Dr. Kentya Ford receives grant to study cancer-related behaviors among African American students

August 8, 2013

Congratulations to Dr. Kentya Ford, assistant professor in the Health Outcomes and Pharmacy Practice Division in the College of Pharmacy, who received a National Institutes of Health (NIH) grant to study Behaviors Related to Cancer Risk Among African-American College Students. Ford is one of the faculty members recruited through DDCE’s thematic faculty hiring initiative.


Dr. Kentya Ford came to UT Austin in January 2012 as a DDCE thematic faculty hire in the School of Pharmacy. She was previously a postdoctoral fellow at the MD Anderson Cancer Center and an assistant professor at Prairie View A&M University.


Ford and her research team will assess the incidence of cancer-related health risk behaviors and the role of culturally-based social and environmental factors in the adoption of those behaviors, among African American college students at Prairie View.
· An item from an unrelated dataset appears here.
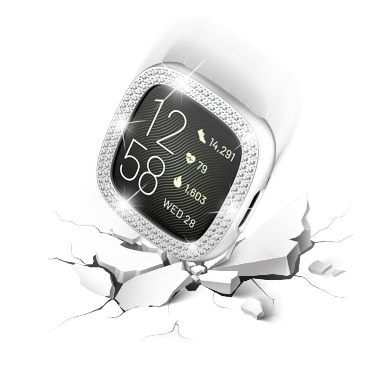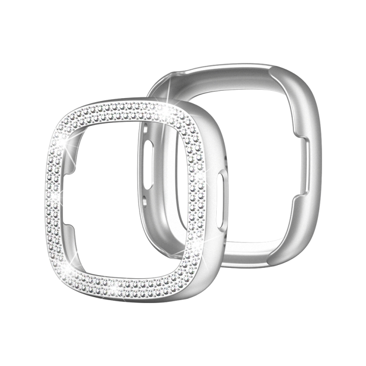 Caja de Reloj para Fitbit Versa 4 Galvanoplastia Doble Fila Diamante (Plata)

The behaviors include sexual risky behaviors, poor diet, tobacco use, alcohol use, physical inactivity which are the five most cited behaviors that lead to cancer.  And just as important, the team will examine factors such as socio-environmental and cultural factors such as family-related related factors, peer influence, health literacy and mental health indicators that are associated with these behaviors that can lead to adoption of behaviors or in some cases avoidance of those behaviors.

The study will generate data that will lay the groundwork for the development of more qualitative studies, as well as culturally and methodologically sound behavior change interventions for the prevention and/or mitigation of cancer-related health risk behaviors in underserved African American youth and young adults.
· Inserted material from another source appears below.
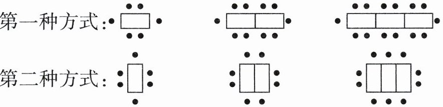 (3)第一种方式:30张桌子拼成10张大桌子可坐的人数为$ 10×(4×3+2)=140 $人,第二种方式:30张桌子拼成10张大桌子可坐的人数为$ 10×(2×3+4)=100 $人

The research team for the two-year study includes co-investigators Dr. Angela Branch-Vital, Prairie View A&M University and Dr. Keenan Pituch, UT Austin Department of Educational Psychology.  Consultants to the project include Dr. Yesseina Castro and Dr. Catherine Cubbin from the UT Austin School of Social Work and others from the University of Texas  MD Anderson Cancer Center, the University of Texas Health Science Center – Houston, the University of Houston and Texas Southern University.